City district in Linköping, Sweden

Hackefors (/sv/) is a city district in southeastern Linköping in Östergötland. It is located east of Stångån in Landeryd parish. Hackefors consists largely of residential buildings. There are also jogging tracks in Hackefors, Åbysäcken, of 2 km, 2.9 km, 5 km and 6.4 km. The Hackefors area was originally a place separate from Linköping, where over the years many renowned companies have been located, such as Malte Månson, Data-Saab and Ericsson. Hackefors had around 300 inhabitants in 1965. Since 1970 Hackefors has grown together with Linköping.

The name Hackefors originated from man's name Hake. Hake was probably a significant person who had possession of this stretch of Stångån. Hackefors village was at Stångån and consisted of Norrgården ("North manor") and Södergården ("South manor"), each with its associated mill at the falls. A redistribution of land in 1860s moved Norrgården out of the village and was called upper Hackefors, while Södergården, which remained by the river was renamed lower Hackefors.

In the late 1860s Kinda Canal was built, and a lock was built in Hackefors. It is Northern Europe's highest one chamber lock. When the East Central Rail Line was built, a stop was built at Hackefors lands.

The foundation for the later development of the community of Hackefors was Hackefors porcelain factory, started in 1929.

The buildings originates partly from the 1930s-1940s, which was homes for local industry employees, and a large number of residential buildings from the 1970s, dedicated to Saab's expansion and to the government agencies which then moved to Linköping.

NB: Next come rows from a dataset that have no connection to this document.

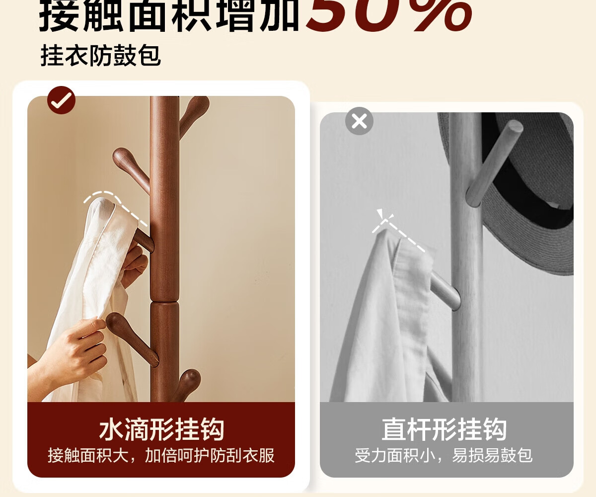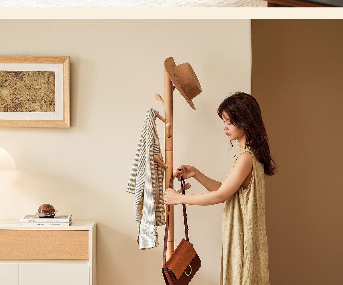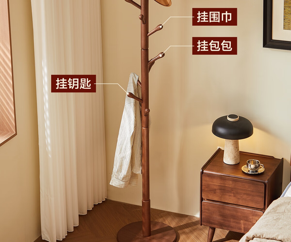 栖音阁实木衣架落地卧室衣帽架客厅挂衣服架子落地衣架家用立式挂包架
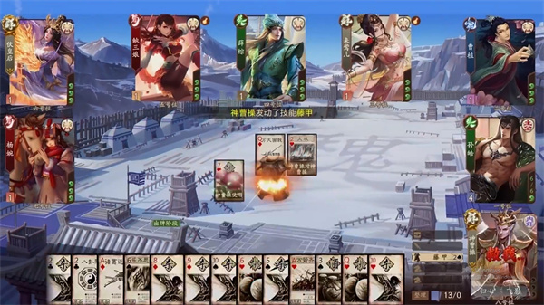 1、面對(duì)著危機(jī)敵人的威脅進(jìn)攻之勢規(guī)劃卡牌應(yīng)對(duì)計(jì)劃,成功將敵方的全部武將都定個(gè)在這個(gè)戰(zhàn)場之上,充滿精彩的三國殺競技對(duì)戰(zhàn);
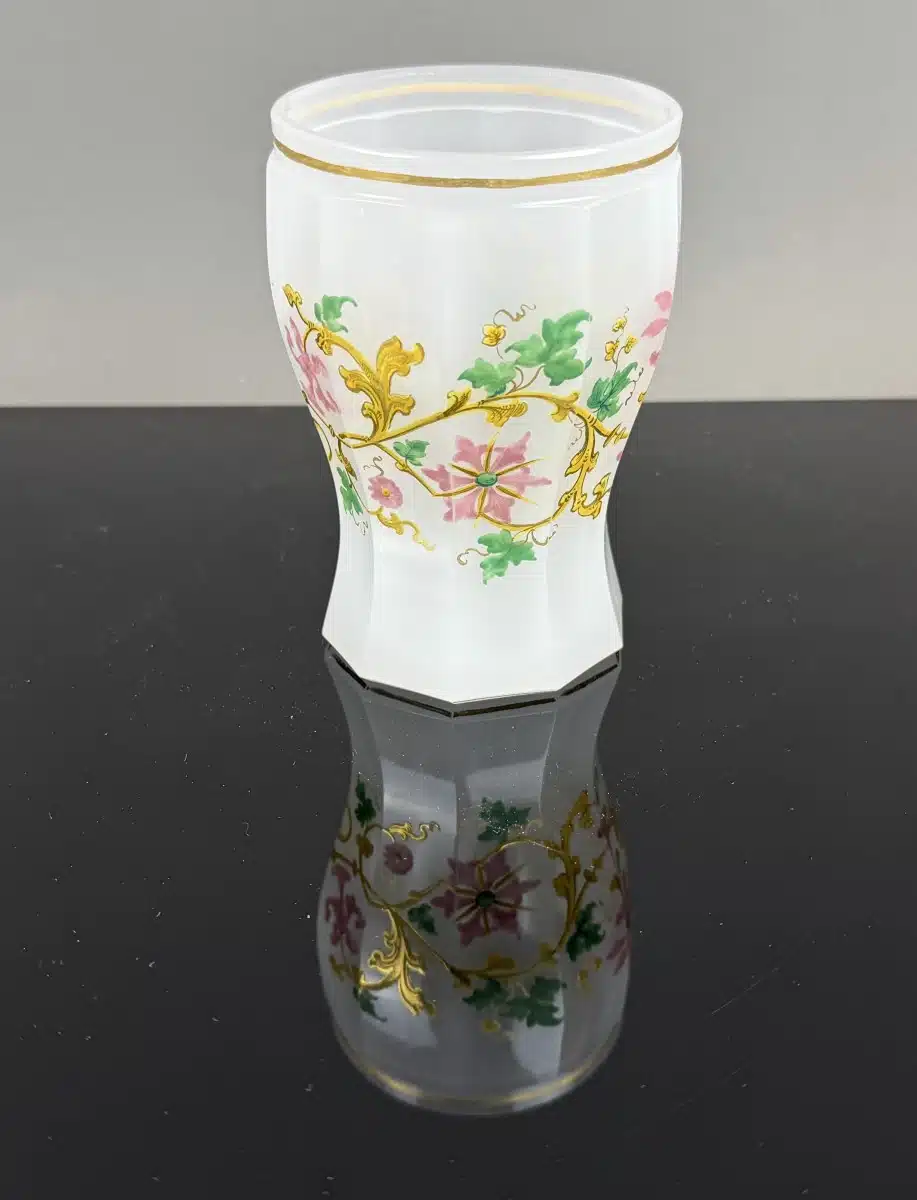 • Switbert Lobisser – Aus persönlichem Besitz – handbemalter Biedermeier – Becher mit farbigen Blütengirlanden sowie goldenem Rankenwerk verziert. H 11 cm

Adjacent to Hackefors the small house area Vårgård was built.

Adjoining Hackefors are districts Johannelund, Tannefors and Hjulsbro.

==Facilities==
Nearby is the Linköping Motorstadion, which is a multi-use facility that includes track racing, road racing, motocross, motorcycle speedway, rallycross, karting and traffic training. The motorcycle speedway track has hosted many major speedway events.